The sunrise meets Joe Arnone as he grows the first plants for his new business, Glacier Hemp. Craig Moore | Flathead Living

The Arnone family planted their roots in the Flathead in 1965, one year after the massive 100-year flood. Land was as cheap as it was beautiful, and Tom and Patricia “Pat” Arnone knew they’d found their getaway.

He’d always wanted to live on an island, ever since he was a child, but 10 acres at the base of the mountains with a creek running through it was just as good. They had five kids — Mary, Joseph, Christopher, Patrick, and Tom — and were living in Spokane where Tom was stationed with the U.S. Air Force.

They would take two-week trips to the property when Tom had leave and could decompress from the pressures of serving as a bomber pilot during the Cold War. Soon after the first land purchase, they bought another 40 acres nearby, along with the shell of a house.

When Tom got unexpected orders to go to Thailand just months before his retirement in 1972, Pat gathered up her children and moved to their Montana property on her own.

“Patty came over here with five kids and no running water,” Tom said, sitting in his garage, full of motorcycles for tinkering. “We did work on the house as the money came in, but it’s still not finished.”

Neither of the Arnone parents had lived on farms before; she was from Southern California, while he hailed from the Bronx in New York City.

“Some of Tom’s friends from the Air Force said, ‘You’re going to Montana to live where? The Tom we know is going to live on a farm?’”
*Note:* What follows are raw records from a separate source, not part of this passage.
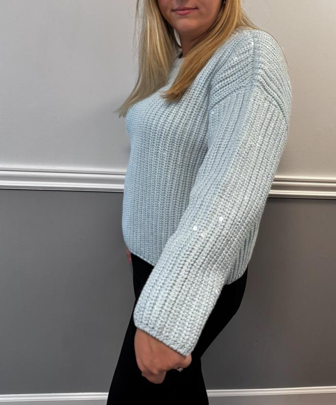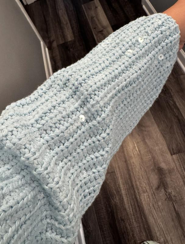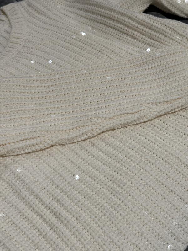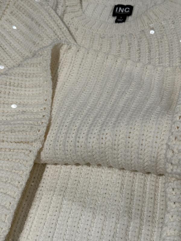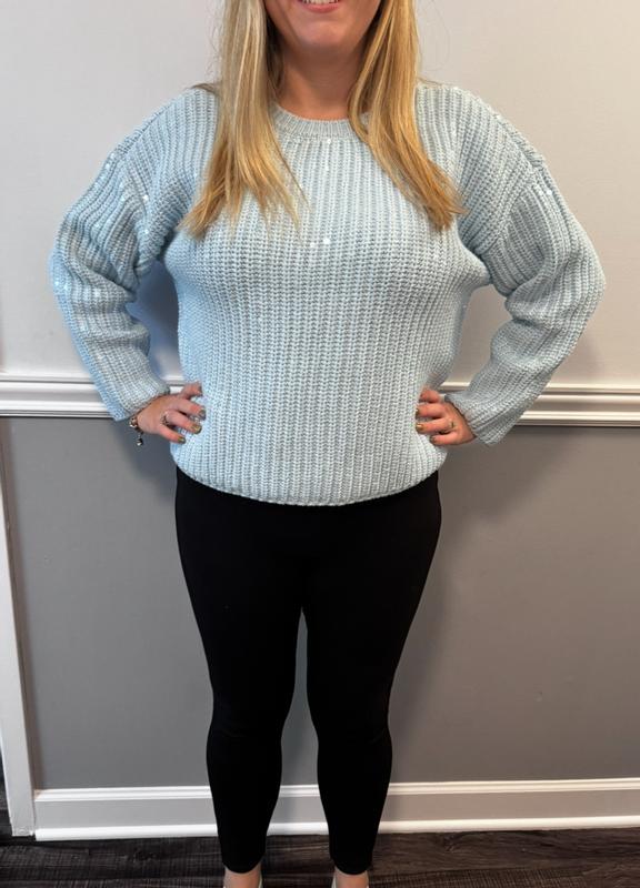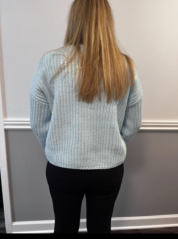 Comfy Sparkly Sweater! I am usually a size Medium in Sweaters but the Small fit really well. I am 140lbs 34DDD. The outside has Sequin but the inside of the sweater doesn’t, so it’s not itchy. I would recommend it but note that it is bulky.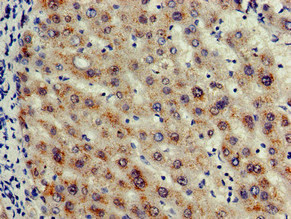 Immunohistochemistry of paraffin-embedded human liver tissue using CSB-PA747641LA01HU at dilution of 1:100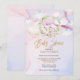 Celebrate the upcoming arrival of your precious baby with this elegant, chic, pretty and dreamy 'Baby Shower Invitation' featuring a beautiful woodland forest rabbit in pink pyjamas sleeping on pink floral foliage and polka dot balloon wreath at the front. The title features gold foil like calligraphy .The background features clouds on pink blue gradient watercolor. All the texts are pre-arranged for you to personalise easily and quickly with your baby shower details.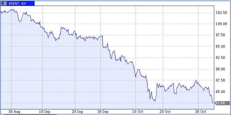 По состоянию на 14:34 по киевскому времени нефть марки Brent на Лондонской бирже ICE уже подешевела до $82.37/барр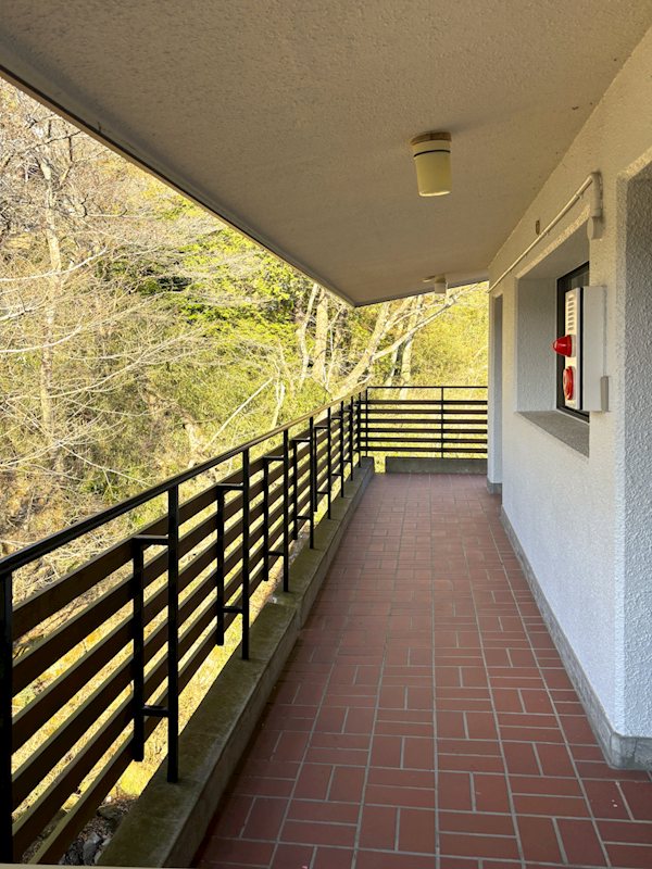 広々とした地下駐車場と白濁温泉の大浴場が魅力。1階角部屋の2LDK ◆41㎡超の広い専用庭付 ◆中強羅からフラットな道のり・歩約6分(約450m) ◆無料の地下駐車場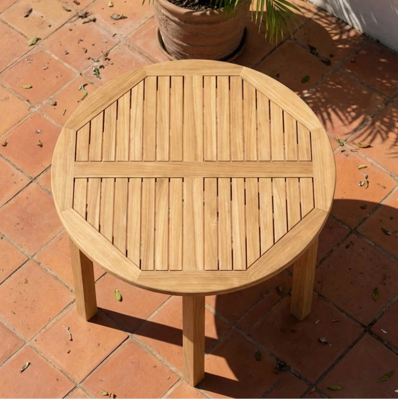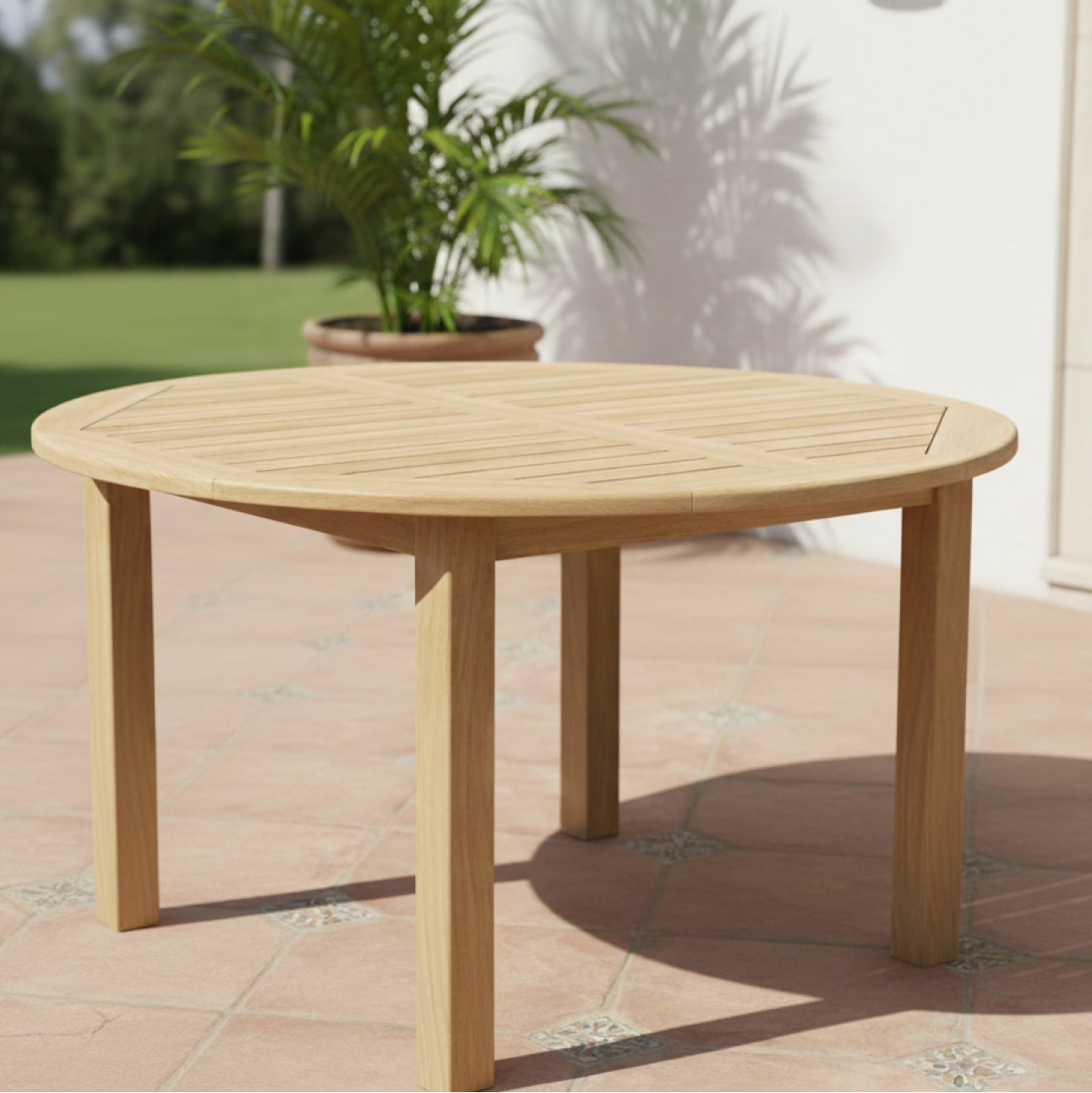 Sun Table features a simple circular silhouette that highlights material warmth and balanced proportions. Crafted from solid teak, its smooth round tabletop and sturdy straight legs provide durability, stability, and a refined presence suited to relaxed outdoor dining settings.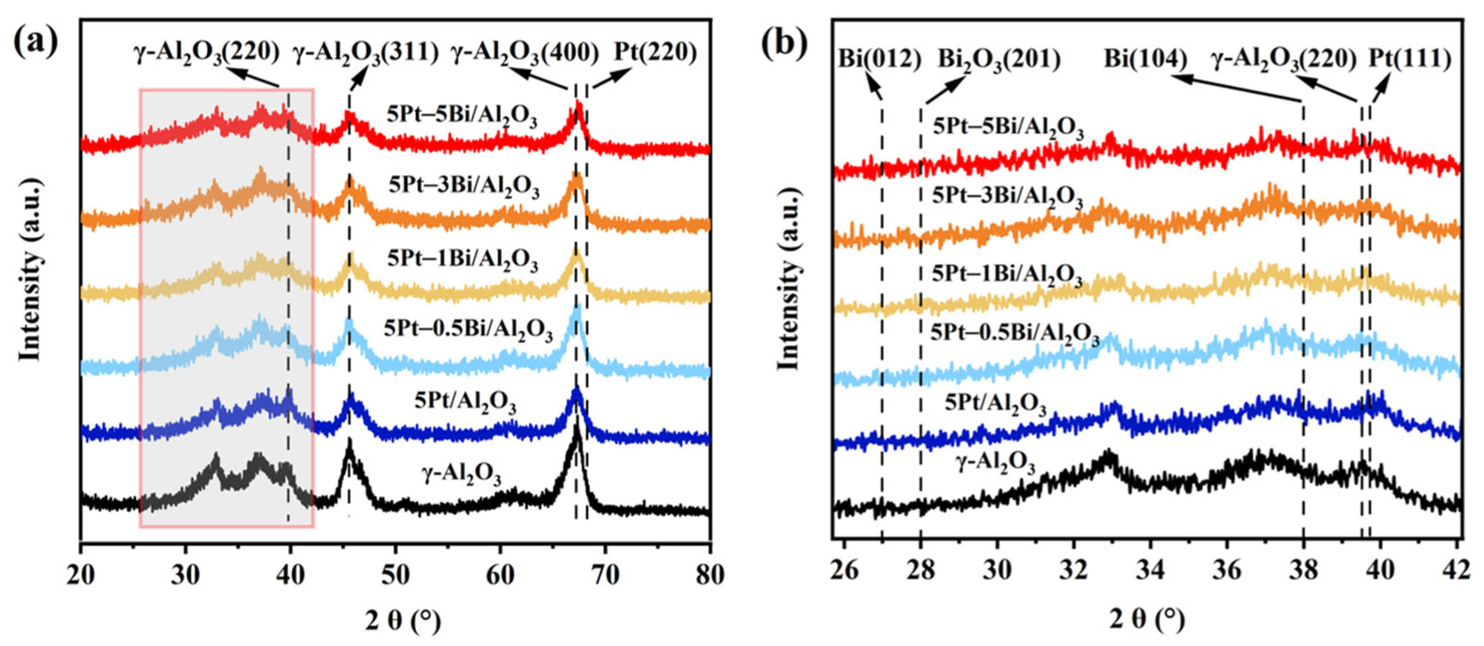 2.1. Physiochemical Properties of 5Pt/Al2O3 and 5Pt–nBi/Al2O3 Catalysts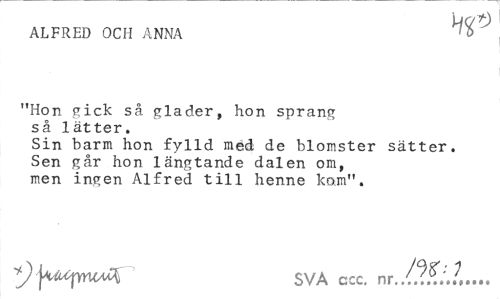 //// ALFRED OCH ANNA ^ ^ //// "Hon gick så gläder, hon sprang så lätter. //// Sin barm hon fylld med de blomster sätter. Sen går hon längtande dalen om, men ingen Alfred till henne kom". //// ^faupyuM SVA ccc. nr./?.?/.?... ////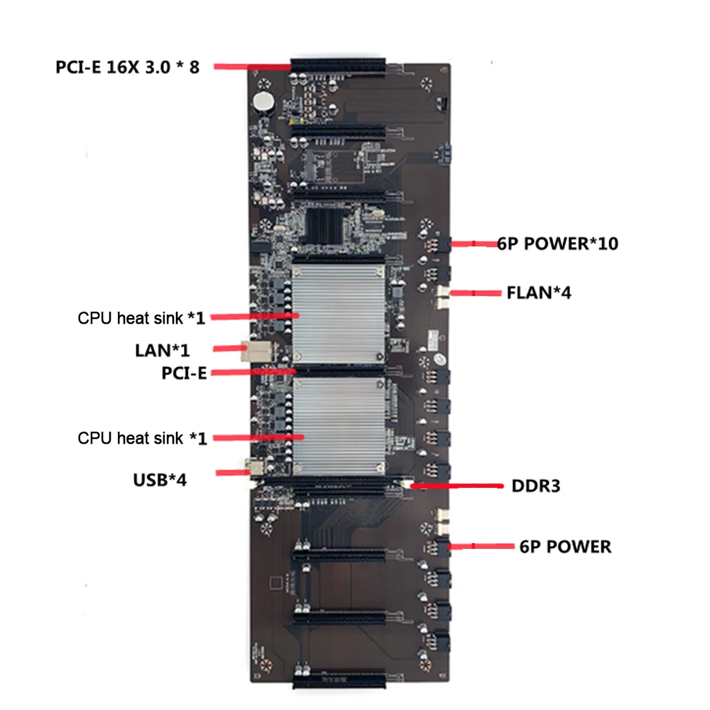 X79 чип и одноканальный LGA 2011 ЦП разъем.Интерфейс видеокарты 8 PCIe 3,0 16X.Поддержка 3060 графических карт.65 мм Слот для видеокарты с большим расстоянием.Мощность обработки одного графического процессора составляет до 48MH/s, и он идеально поддерживает графические карты с видеопамятью 4 Гб, что значительно улучшает функцию майнинга мощности обработки.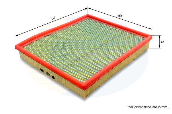 Proizvođač: COMLINE | Izvedba filtera: Uložak filtera | Dužina [mm]: 317mm | Širina [mm]: 261mm | Visina [mm]: 42mm | Oblik: pravougaoni | Težina [kg]: 0kg | Spart line kod: coeaf357 | GTIN: 5055181515336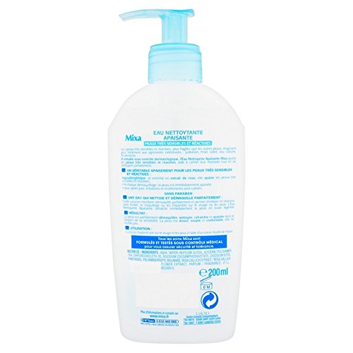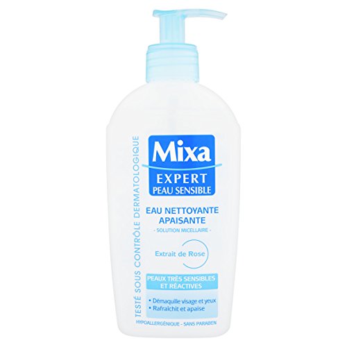 - L'Eau Nettoyante Apaisante Mixa enrichie en extrait de rose apaise les peaux très sensibles et réactives, et aide à calmer leur réactivité tout en les nettoyant parfaitement. A chaque démaquillage, la peau est immédiatement apaisée. Jour après jour, irritations et tiraillements sont calmés. Formulée sous contrôle médical. Hypoallergénique, sans parabène.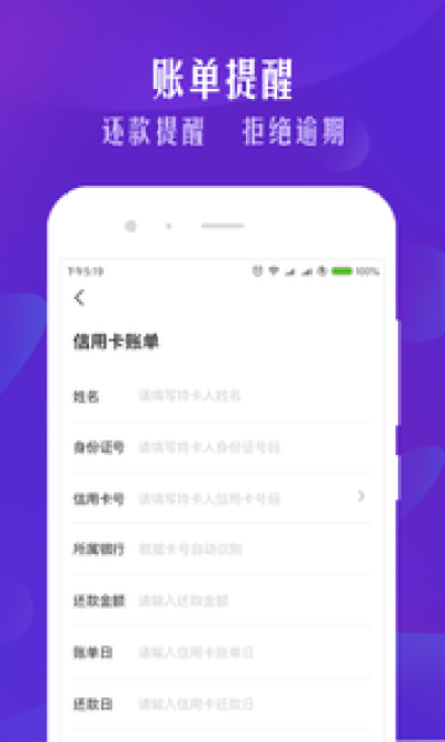 1.账单提醒:还款日、还款金额智能提醒,预防逾期影响信用;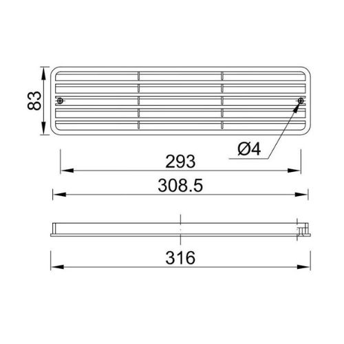 Műanyag, szögletes szellőzőrács barna színben. Kisebb helyiségek szellőztetésére alkalmas, valamint a bútoriparban is alkalmazható. Mérete: 305 x 75 mm

There was a steep learning curve, but the family dove in. They got goats and chickens, beef cattle, a heifer named Rosa who they milked for a decade, and grew a huge garden to feed the family.

They tried to be as self-sufficient as possible, reading how-to books on making a life out of the land (even if, as Tom says, the “Whole Earth Catalog” was written for “hippies”). Pat milked the cow in the morning and the boys milked it at night, providing plenty of dairy for the family.

Pat bought a book on how to make cheese, and after Tom made her a press, soon she was making her own cheese, wrapping it in cheesecloth, then dipping that in paraffin for storage.

“I didn’t buy cheese for a lot of years,” Pat said.

The kids took on this approach to life as well. Animals raised and sold through 4H paid for their ski passes, and turning 12 meant joining in on the hunt for venison and elk. Pat remembers sending her kids out the door on bright summer mornings and not seeing them until they returned in the evening after a day of scaling mountains.

After Tom retired from the Air Force in 1972, he got into construction and wound up as an electrician. He had a knack for fixing and building things, with experience in metal work, woodworking, gunsmithing, even strip-canoe building. So when Joe got into cycling, Tom was ready.

Tom Arnone likes to tinker on all kinds of bikes, like the motorcycles in his garage. Craig Moore | Flathead Living

Custom bike frames are often essential to be competitive in the sport, and are prohibitively expensive.

“I used to build all his bike frames,” Tom said. “They had a book on bike-frame building, so I bought it and said I’d build one for me as a test.”

A cyclist himself, Tom said he and Patty loved the freedom their bicycles offered, and the couple joined a local Tuesday night race league and entered triathlons. Joe took the love for cycling a little further: When he first started biking, a teenage Joe rode from his home to San Francisco in 21 days.

“That was my first foray into distance biking,” Joe said.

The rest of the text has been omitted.